A is a trivalent or trivalent aliphatic saturated hydrocarbon group; A is an alkylene group having 3 or 4 carbon atoms; s is 1 to 10, t is 1 to 30,
u is a number of 2 or 3; {(CH ₂ CH ₂ O) _s / (A
O) _t } may be block addition or random addition. ] 4. In the general formula (1) or (2), X
The antibacterial detergent composition according to any one of claims 1 to 3, wherein ^n- is a divalent anion of sebacic acid and / or adipic acid. 5. A compound represented by the general formula (1) wherein R _{1 is}
And R ₂ is a linear or branched alkyl group having 8 to 12 carbon atoms, R ₃ and cationic antimicrobial agent R ₄ is an alkyl group having 1 to 3 carbon atoms, in the general formula (1), R ₁ Is a linear or branched alkyl group having 12 to 20 carbon atoms,
A cationic antibacterial agent wherein R ₂ , R ₃ and R ₄ are an alkyl group having 1 to 3 carbon atoms, or R ₅ in the general formula (2)

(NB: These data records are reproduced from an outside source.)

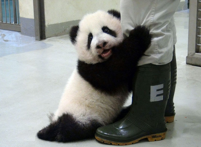 園方表示,“阿暢”一到新環(huán)境馬上就四處走動、嗅聞、標記領(lǐng)域、攀爬棲架,如果參觀面沒有太大的聲響,“阿暢”還會靠近鋼琴絲探索!鞍场焙腿撕苡H近,保育員進行動物訓練時,它居然還會四只腳都站在管理員腿上進食,讓保育員成就感瞬間飆升。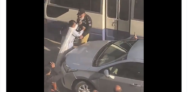 مذکورہ ویڈیو میں ایک خاتون کو ڈی ایس پی ٹریفک کو تھپڑ مارتے ہوئے دیکھا جاسکتا ہے، ڈی ایس پی کار سوار خاتون کو مبینہ طور پر فینسی نمبر پلیٹ اور ٹنٹڈ گلاسز نصب کرنے پر روکتا ہے جس پر وہ اشتعال میں آجاتی ہے تاہم بزرگ ٹریفک ڈی ایس پی خاتون کی بدتمیزی کے باوجود تحمل کا مظاہرہ کرتے ہوئے اپنی ڈیوٹی سرانجام دیتے رہے۔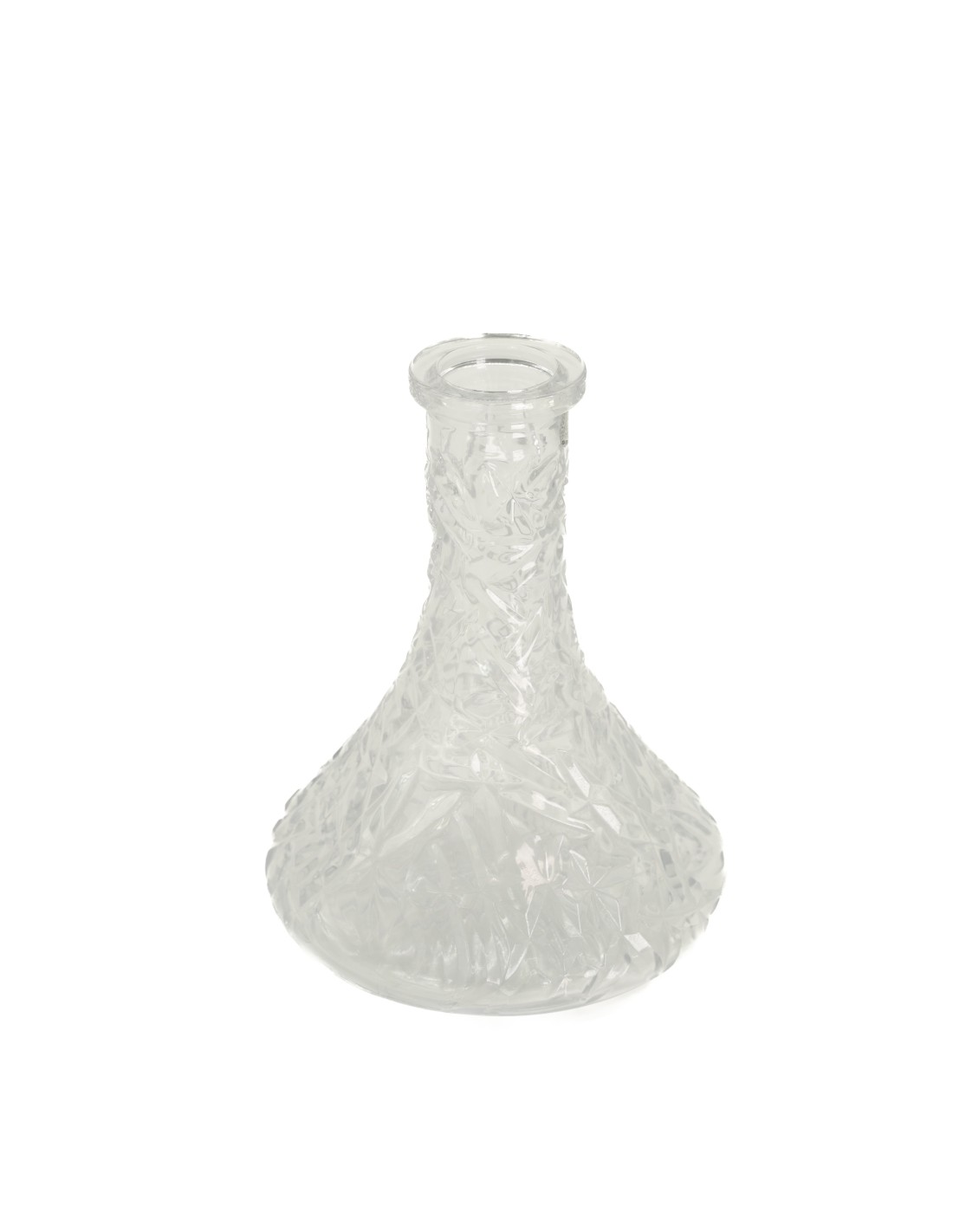 Base de cristal de forma piramidal, con tallado estilo rock. De encaje a goma y unos 25cm, es ideal para dar un salto de calidad a tu cachimba, con unos colores y acabados increíbles.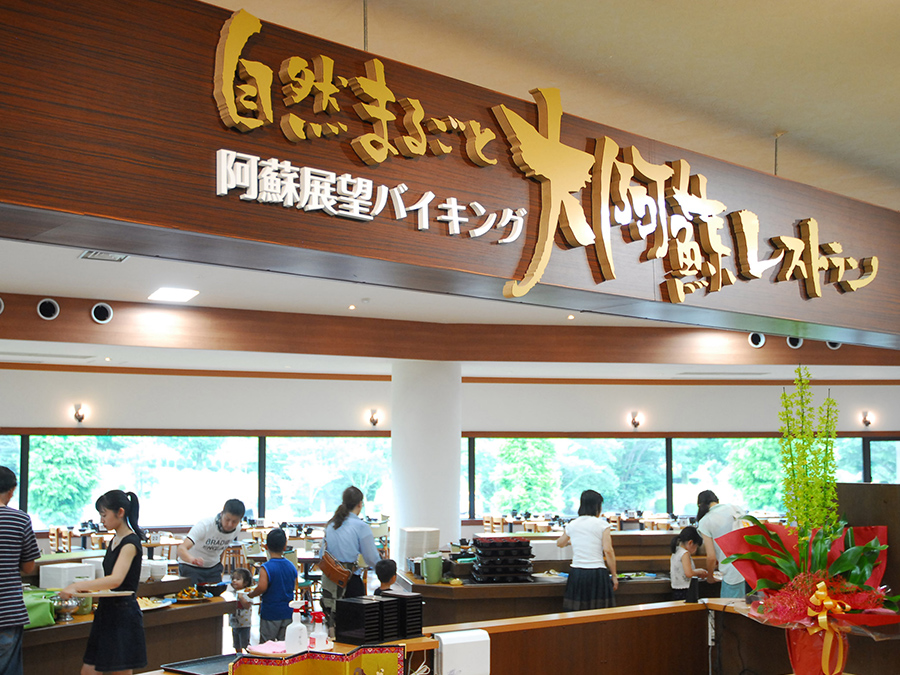 大自然の恵みを美味しく味わう、阿蘇の健康バイキング。店内の大きなガラス窓から一望できる、四季おりおりの美しい阿蘇の山々。開放感あふれる空間で、ゆっくりと美味しいバイキング(食べ放題)をお楽しみください。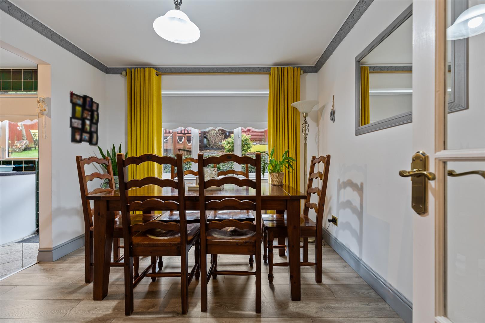 The property comprises entrance hall, lounge, dining room, kitchen with informal dining area, three well-proportioned bedrooms, and fully tiled family bathroom.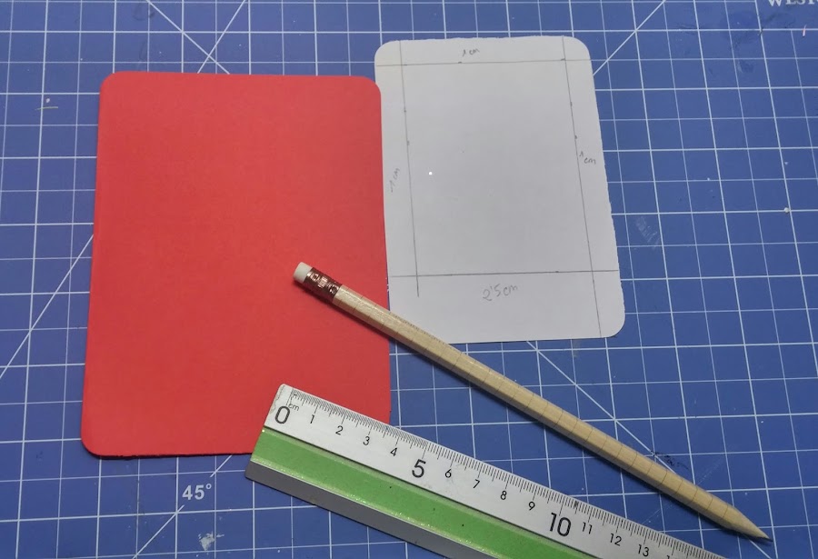 Cortamos la cartulina que actuara de base para la tarjeta en 21x14cm. Redondeamos las esquina.

Is a linear or branched alkyl group having 8 to 18 carbon atoms, and R ₆ and R ₇ are cationic antibacterial agents each having an alkyl group having 1 to 3 carbon atoms. Composition. 6. The weight ratio (A) / (B) of the cationic antibacterial agent (A) to the nonionic surfactant (B) is from 1/99 to 8
The antibacterial detergent composition according to any one of claims 1 to 5, which is 0/20. 7. The antibacterial detergent composition according to claim 1, which does not contain an anionic surfactant. 8. The composition according to claim 1, further comprising one or more anionic surfactants selected from the group consisting of alkali salts of alkyl phosphates, alkali salts of polyoxyalkylene alkyl phosphates and alkali salts of polyoxyethylene alkyl ether acetate. Item 7. The antibacterial detergent composition according to any one of Items 1 to 6.